WHAT IS BEING ASKED: Would you set down the data that follows, word for word, without any pictures?

MATERIAL PROVIDED:
______________________________

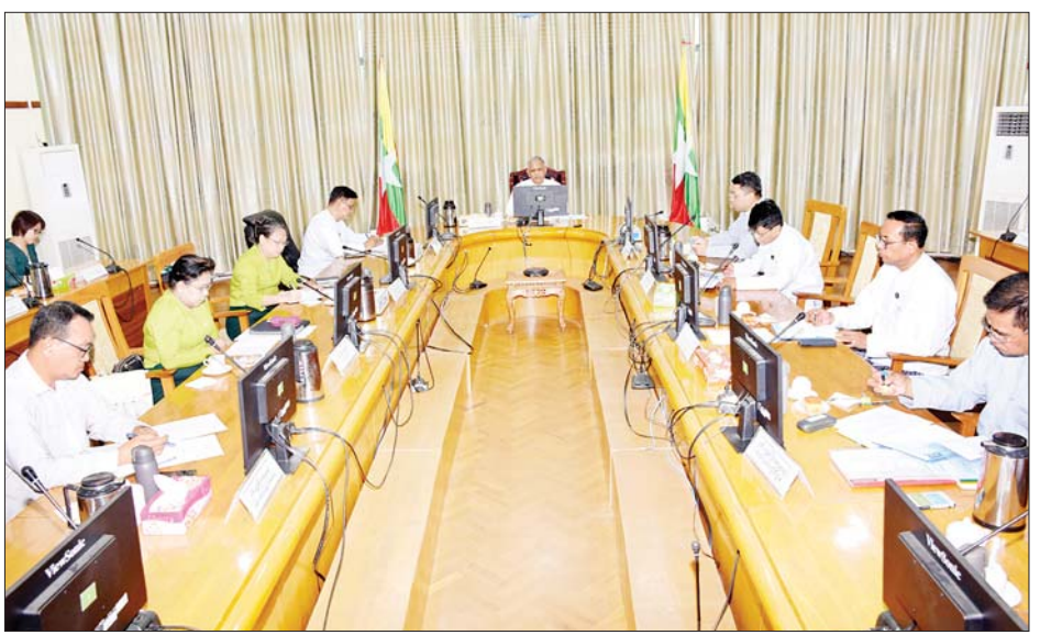
လုပ်ငန်းဆောင်ရွက်မှု အခြေအနေများနှင့် လိုအပ် ပေါင်းစပ်ညှိနှိုင်းဖြည့်ဆည်းပေးခဲ့ကြောင်း သိရသည်။ ချက်များကိုတင်ပြရာ ပြည်ထောင်စုဝန်ကြီးက သတင်းစဉ်

နိုင်ရေးနှင့် ချိတ်ဆက်မှုပိုမိုရရှိစေရေး၊ မိမိနိုင်ငံ အတွက် အကျိုးရှိစေမည့် စီးပွားရေးဆိုင်ရာ သတင်း အချက်အလက်များ ကျယ်ပြန့်စွာရယူ အသုံးပြုနိုင်ရေး၊ ပြည်တွင်းရှိ အသေးစား၊ အငယ်စား၊ အလတ်စား စီးပွားရေးလုပ်ငန်းရှင်များ၏ အကူအညီတောင်းခံမှု များကို Virtual စနစ်ဖြင့် တွေ့ဆုံညှိနှိုင်းကာ လိုအပ် သည့်များ ဆက်လက်ဆောင်ရွက်ပေးရေး၊ သက်ဆိုင်ရာ နိုင်ငံများသို့ မြန်မာနိုင်ငံ၏ ကုန်သွယ်မှုနှင့် ရင်းနှီးမြှုပ်နှံ မှုဆိုင်ရာ သတင်းအချက်အလက်များ ကျယ်ပြန့်စွာ ဖြန့်ဝေပေးနိုင်ရေးနှင့် ရင်းနှီးမြှုပ်နှံမှုမြှင့်တင်ရေး ကိစ္စများကို ထိရောက်စွာဆောင်ရွက်နိုင်ရေး မှာကြား သည်။ ယင်းနောက် ဒုတိယဝန်ကြီး၊ အမြဲတမ်းအတွင်းဝန် နှင့် ညွှန်ကြားရေးမှူးချုပ်များက ကဏ္ဍအလိုက် စီးပွားရေးသံမှူးများ ဆောင်ရွက်ရမည့် လုပ်ငန်းစဉ် များကို ရှင်းလင်းဆွေးနွေးသည်။ ထို့နောက် စီးပွားရေးသံမှူးများက နိုင်ငံအလိုက်
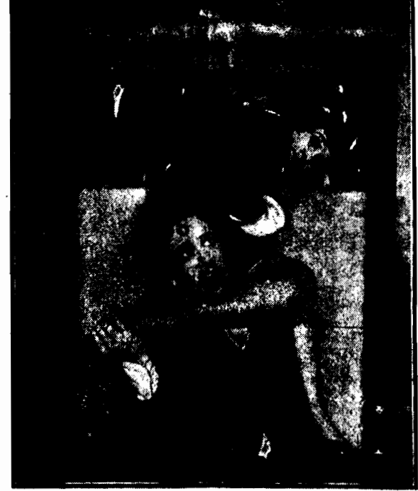
Fragment nowego filmu wytwórni First National „Zobaczymy się w więzieniu“

______________________________

EXERCISE ANSWER:
လုပ်ငန်းဆောင်ရွက်မှု အခြေအနေများနှင့် လိုအပ် ပေါင်းစပ်ညှိနှိုင်းဖြည့်ဆည်းပေးခဲ့ကြောင်း သိရသည်။ ချက်များကိုတင်ပြရာ ပြည်ထောင်စုဝန်ကြီးက သတင်းစဉ်

နိုင်ရေးနှင့် ချိတ်ဆက်မှုပိုမိုရရှိစေရေး၊ မိမိနိုင်ငံ အတွက် အကျိုးရှိစေမည့် စီးပွားရေးဆိုင်ရာ သတင်း အချက်အလက်များ ကျယ်ပြန့်စွာရယူ အသုံးပြုနိုင်ရေး၊ ပြည်တွင်းရှိ အသေးစား၊ အငယ်စား၊ အလတ်စား စီးပွားရေးလုပ်ငန်းရှင်များ၏ အကူအညီတောင်းခံမှု များကို Virtual စနစ်ဖြင့် တွေ့ဆုံညှိနှိုင်းကာ လိုအပ် သည့်များ ဆက်လက်ဆောင်ရွက်ပေးရေး၊ သက်ဆိုင်ရာ နိုင်ငံများသို့ မြန်မာနိုင်ငံ၏ ကုန်သွယ်မှုနှင့် ရင်းနှီးမြှုပ်နှံ မှုဆိုင်ရာ သတင်းအချက်အလက်များ ကျယ်ပြန့်စွာ ဖြန့်ဝေပေးနိုင်ရေးနှင့် ရင်းနှီးမြှုပ်နှံမှုမြှင့်တင်ရေး ကိစ္စများကို ထိရောက်စွာဆောင်ရွက်နိုင်ရေး မှာကြား သည်။ ယင်းနောက် ဒုတိယဝန်ကြီး၊ အမြဲတမ်းအတွင်းဝန် နှင့် ညွှန်ကြားရေးမှူးချုပ်များက ကဏ္ဍအလိုက် စီးပွားရေးသံမှူးများ ဆောင်ရွက်ရမည့် လုပ်ငန်းစဉ် များကို ရှင်းလင်းဆွေးနွေးသည်။ ထို့နောက် စီးပွားရေးသံမှူးများက နိုင်ငံအလိုက်
Fragment nowego filmu wytwórni First National „Zobaczymy się w więzieniu“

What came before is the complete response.